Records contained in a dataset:
◇ ◇ ◇ ◇

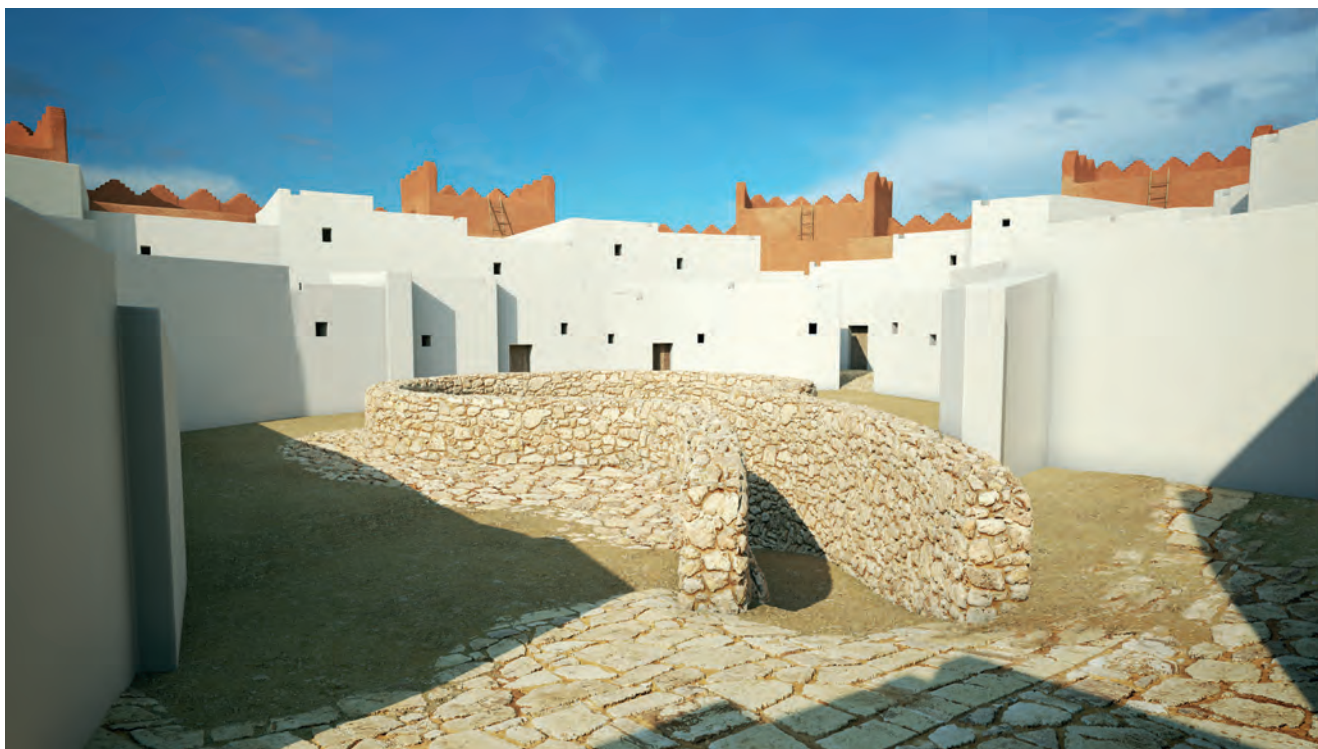
Figura 11. Pou central a la fase III.

ció. Tot el que s'afegeix a unes restes originals ho compara amb "una dona elegant que menysprearia portar joies falses" (Ruskin 1987: 60).
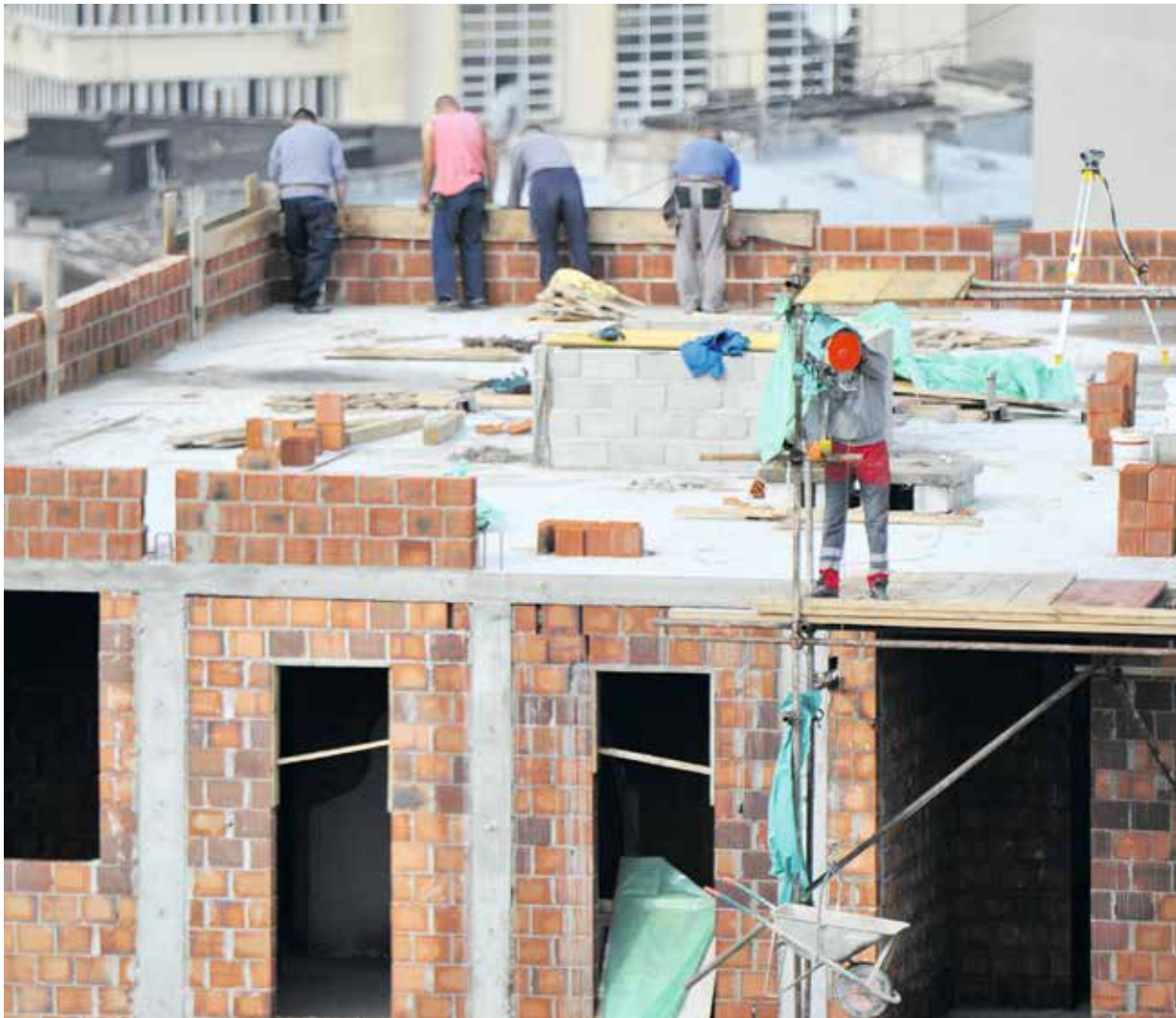
KUUKAUDEN KUVA Paikka: Belgrad, Serbia Aika: Kesäkuu 2019
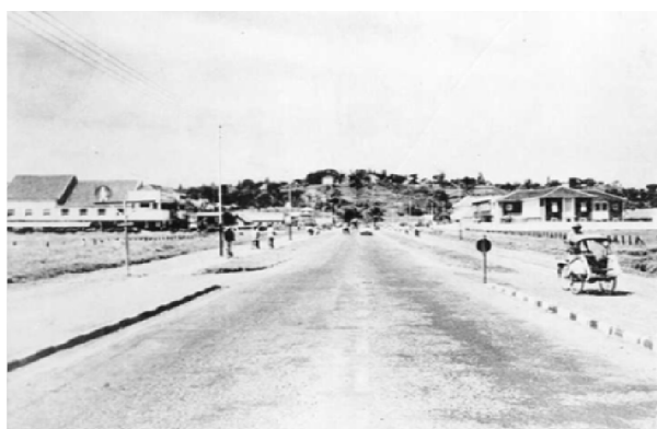
Gambar 4. Kawasan Simpang Lima era 1950-1960an
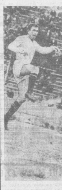
Один на один...
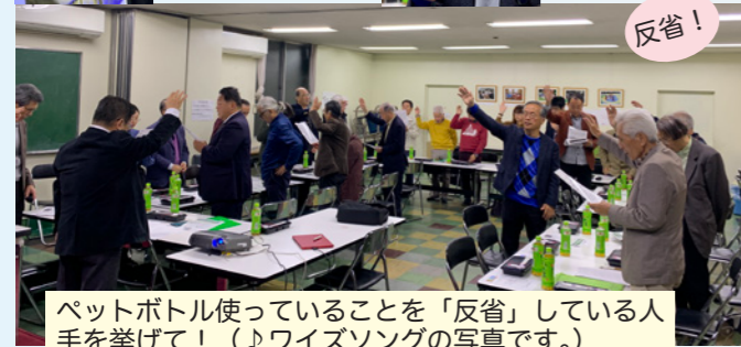
ペットボトル使っていることを「反省」している人手を挙げて!(♪ワイズソングの写真です。)
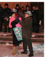
Il falò davanti alla chiesa di S. Patrizio. Più a fianco il coro e a sinistra la scenetta di 'Mariano e Marianna'

PIZZIGHETTONE — A rievocare la tradizione contadina dei giorni più freddi dell'anno, con i canti della Merla, è stata anche la comunità regognese, mercoledì sera, sul sagrato della chiesa parrocchiale di San Patrizio. La serata, organizzata dal club 'Amici
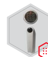
zamek elektroniczny Stellar Business
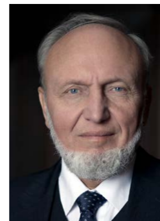
Prof. Hans-Werner Sinn, Referent des diesjährigen Anlegersymposiums

Am 14. Mai 2026 ist es wieder so weit: Das Anlegersymposium des Raiffeisen InvestmentClubs lädt diesmal in die Messe Bozen ein – eine hervorragende Gelegenheit, aktuelle wirtschaftliche Entwicklungen aus erster Hand zu erfahren. Auch in diesem Jahr erwarten die Clubmitglieder interessante Einblicke, die dabei helfen, Anlageentscheidungen fundiert und selbstbewusst zu treffen.
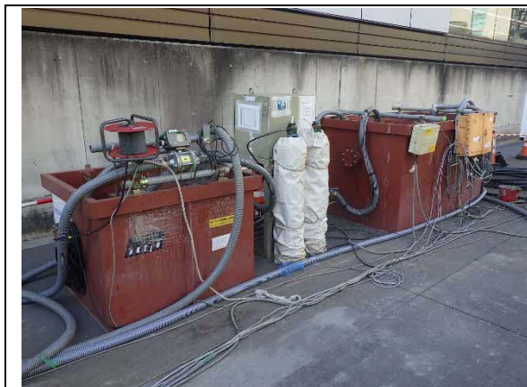
写真-1-1 工事排水の処理状況 (地点 01)
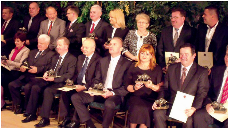
Laureaci plebiscytu Top Manager tuż po rozdaniu statuetek.

Podczas przyznawania nagród podkreślano ze sceny, że Nowa Słupia, mimo rolniczego charakteru, należy do czołówki gmin regionu świętokrzyskiego pod względem tempa rozwoju. Potwierdzają to nagrody w konkursach ogólnopol-

◇ ◇ ◇ ◇

#### WORK INSTRUCTIONS
Wherever a line of the records above contains the string "Patrizio", copy that line out.

#### SOLUTION
Il falò davanti alla chiesa di S. Patrizio. Più a fianco il coro e a sinistra la scenetta di 'Mariano e Marianna'
PIZZIGHETTONE — A rievocare la tradizione contadina dei giorni più freddi dell'anno, con i canti della Merla, è stata anche la comunità regognese, mercoledì sera, sul sagrato della chiesa parrocchiale di San Patrizio. La serata, organizzata dal club 'Amici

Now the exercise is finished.